India's ₹11,000-crore PLI boosts container manufacturing.

01 Aug 2023

The Ministry of Ports, Shipping and Waterways has introduced a ₹11,000-crore Production-Linked Incentive (PLI) scheme aimed at transforming India into a prominent shipping container manufacturing center, competing with China and catering to at least 10% of global liners' demand. The scheme, spanning nine years, will offer incentives during the initial five years, gradually decreasing over the subsequent four years. This move responds to the severe shortage of shipping containers since October 2020, which disrupted the global supply chain due to the pandemic.

The PLI scheme proposes two incentive structures: one based on the price difference between Indian and international manufacturers, and the other involving a differential calculation if beneficiaries fail to achieve incremental production.

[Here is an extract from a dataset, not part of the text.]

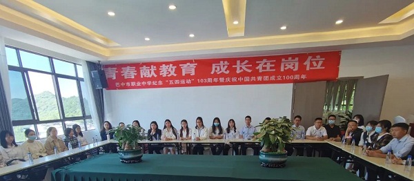 青春献教育,成长在岗位——巴中市职业中学召开“五四”青年节教师座谈会教育文摘周报5月5日四川讯 为进一步加强青年教师队伍建设、促进青年教师的专业发展,更好地倾听青年教师的心声和感悟,了解青年教师的需求和愿望。2022年5月4日上午,四川省巴中市职业中学组织召开了“五四”青年节教师座谈会,会议由学校党总支副书记李先禹主持。

Financial estimates indicate an outlay of ₹32 crore in the first year, increasing to ₹880 crore in the third year, before eventually tapering down to ₹550 crore in the ninth year. The initial two years are designated as an "incubation stage" to facilitate the establishment of manufacturing facilities.

Given China's dominance in international container manufacturing, constituting around 90% of global demand, India's PLI scheme aims to counter this dependence by creating a domestic manufacturing ecosystem. This aligns with the growing trend of the "China plus one" strategy adopted by companies to diversify supply chains and reduce risks. The scheme underscores India's aspirations to bolster its container manufacturing sector, enhancing self-reliance and resilience in the face of global disruptions.